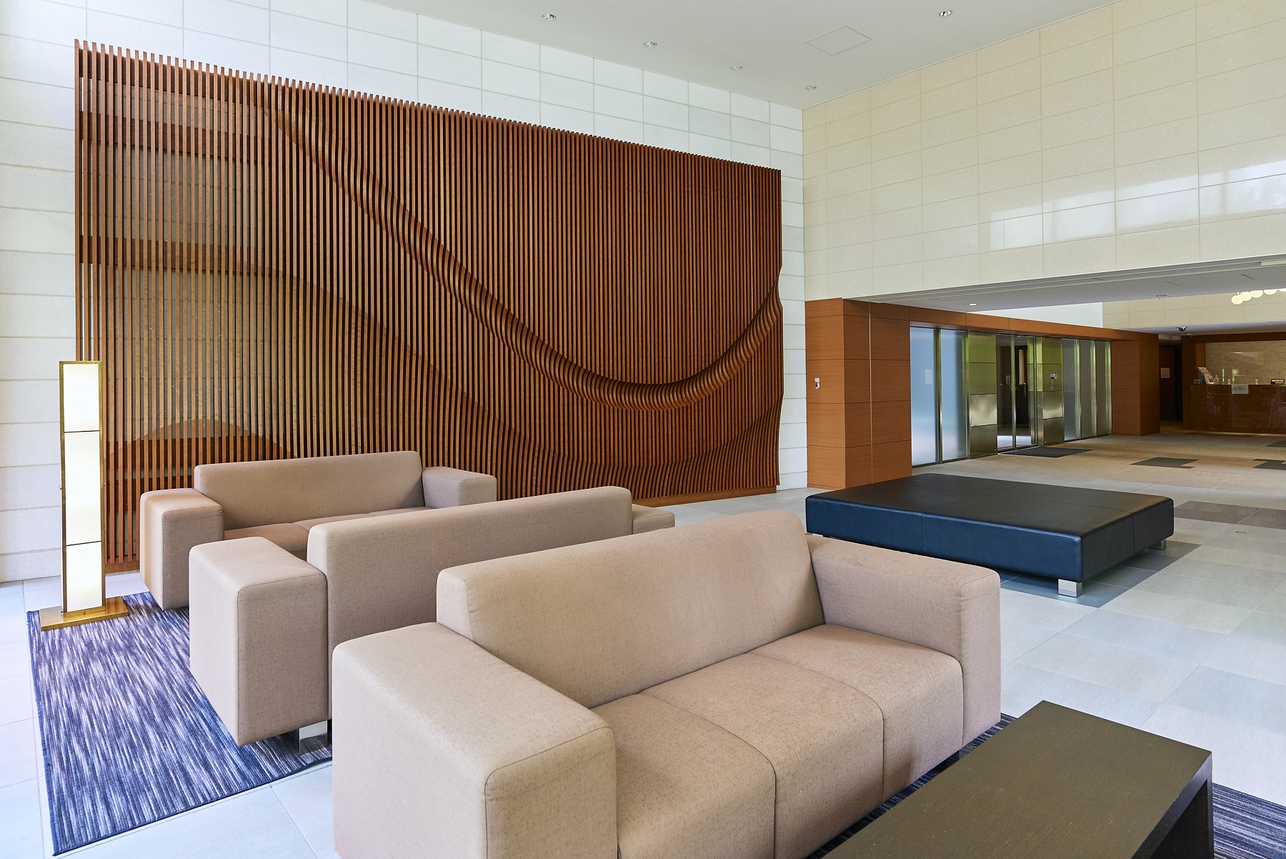 壁にあしらった木のルーバーは、桜並木のイメージからチェリーの色合いに。さらにルーバーの合間に見える壁面素材の石の輝きは川面の煌めきを表現。波打つデザインは目黒川の流れをモチーフに描いています。
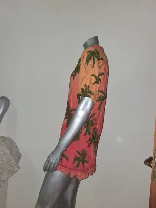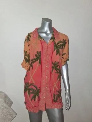 Camiseta de estilo hawaiano con un vibrante estampado de palmeras. Ideal para un look veraniego y relajado. - Talla: XL. - Material: 60 cms de sisa, 76 cms de largo. - Diseño con palmeras verdes sobre fondo naranja y rojo. - Cuello camisero. - Manga corta. - Cierre de botones. - Material: 100% Viscosa.
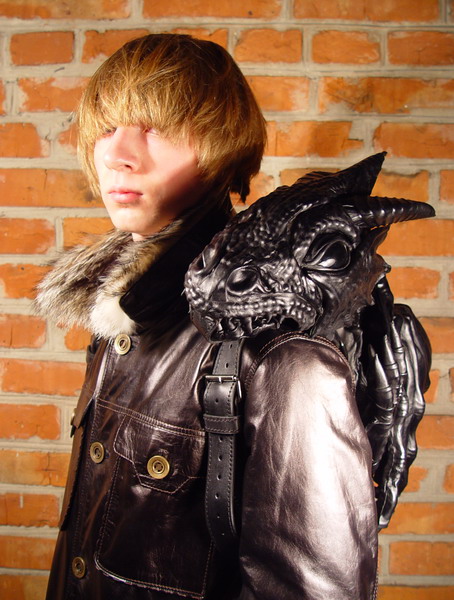 Looking at his archive, it appears to be the second iteration of the leather bag, with the original version posted back in 2006.  This new dragon looks even more realistic, with detailed scales, devilish horns and a glossy finish.  Let’s put it this way: the old one looked like a bag; this one looks like a mutant reptile hanging on your back.
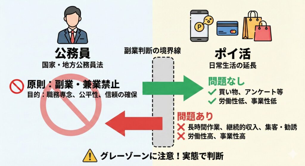 公務員のポイ活は一見すると問題なさそうに見えますが、法律上の位置づけや実態によって判断が分かれます。
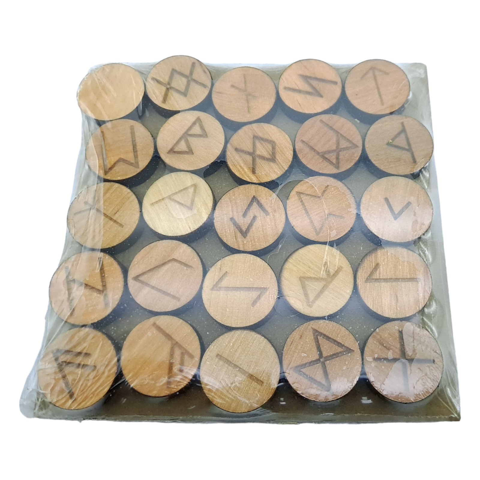 Руны Скандинавские круглые, светлые, 25 рун (d-2,3 см ,h-0,7 см) ,массив дерева
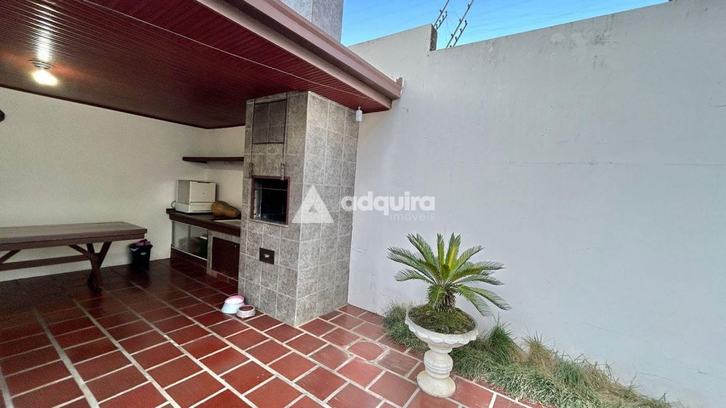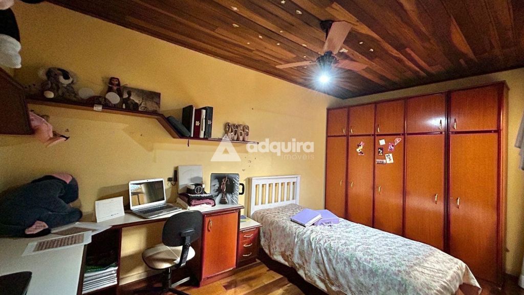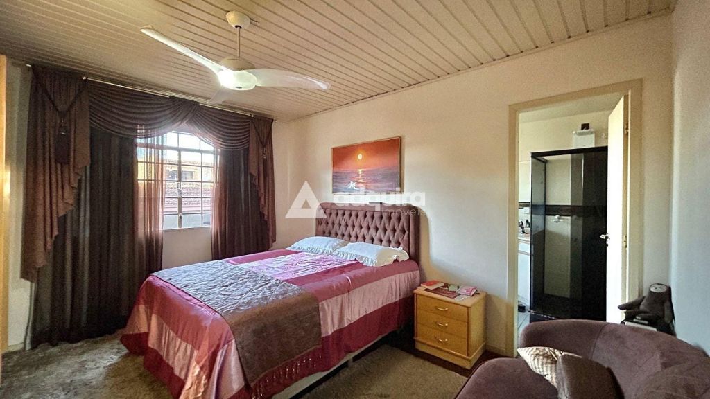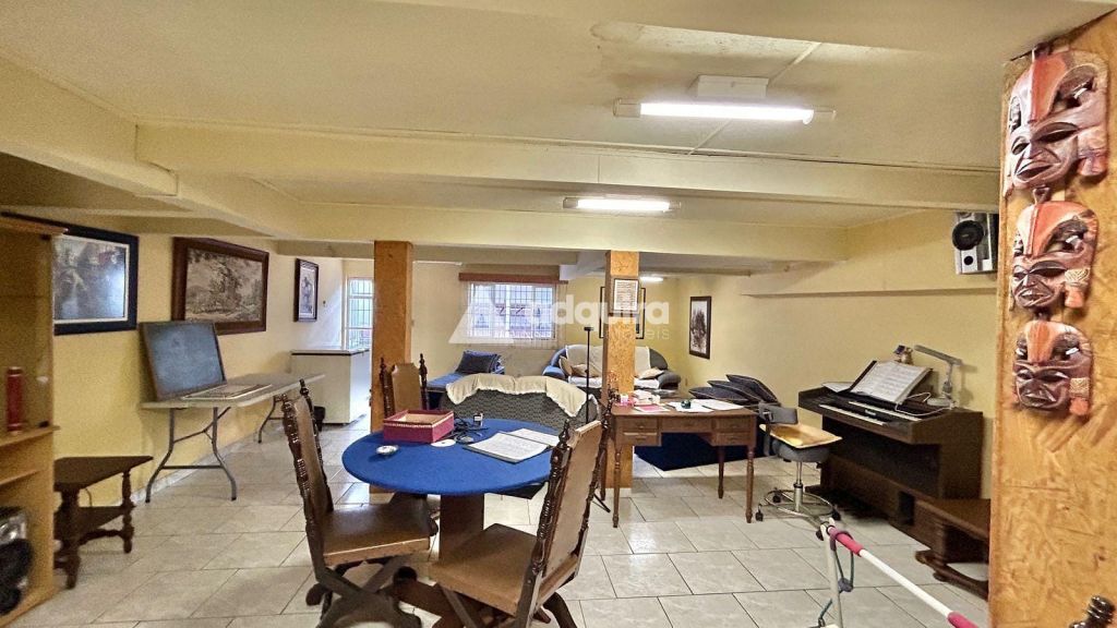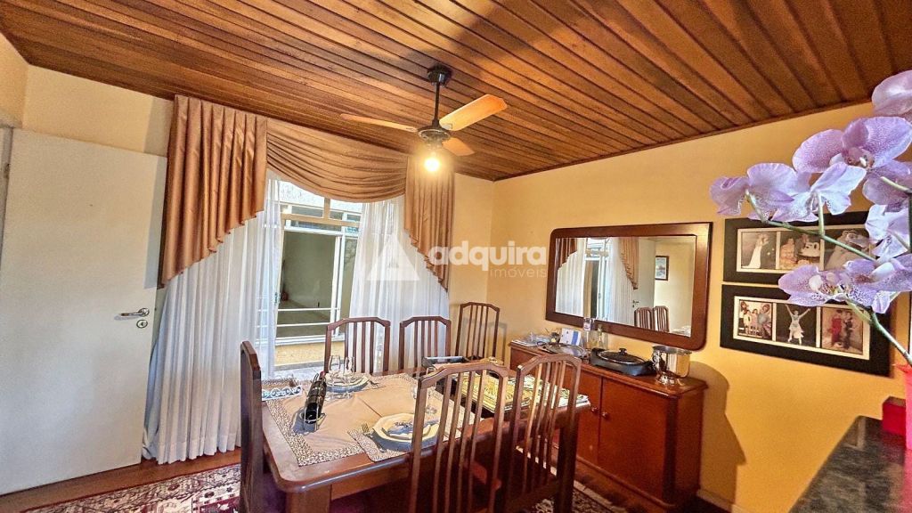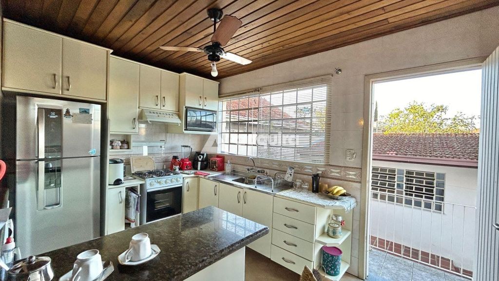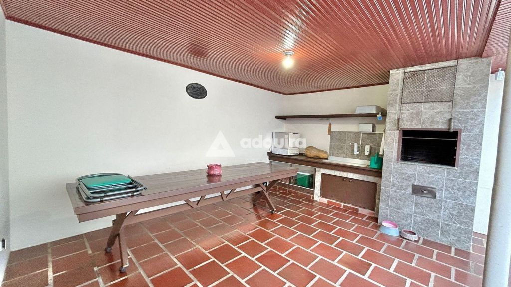 A parte residencial conta com três quartos, incluindo uma ampla suíte master com hidromassagem, além de mais dois banheiros. A casa possui duas vagas cobertas e destaca-se pelos acabamentos nobres: assoalhos, forros e vigamentos em imbuía, além de móveis embutidos em madeira original, conferindo charme e autenticidade aos ambientes.

-.-.-

◆ **ABOUT THIS TASK**
The answer is the lines above, word for word, from the first one through the one containing "Camiseta de estilo"; it includes no pictures.

◆ **EXPECTED ANSWER**
 壁にあしらった木のルーバーは、桜並木のイメージからチェリーの色合いに。さらにルーバーの合間に見える壁面素材の石の輝きは川面の煌めきを表現。波打つデザインは目黒川の流れをモチーフに描いています。
 Camiseta de estilo hawaiano con un vibrante estampado de palmeras. Ideal para un look veraniego y relajado. - Talla: XL. - Material: 60 cms de sisa, 76 cms de largo. - Diseño con palmeras verdes sobre fondo naranja y rojo. - Cuello camisero. - Manga corta. - Cierre de botones. - Material: 100% Viscosa.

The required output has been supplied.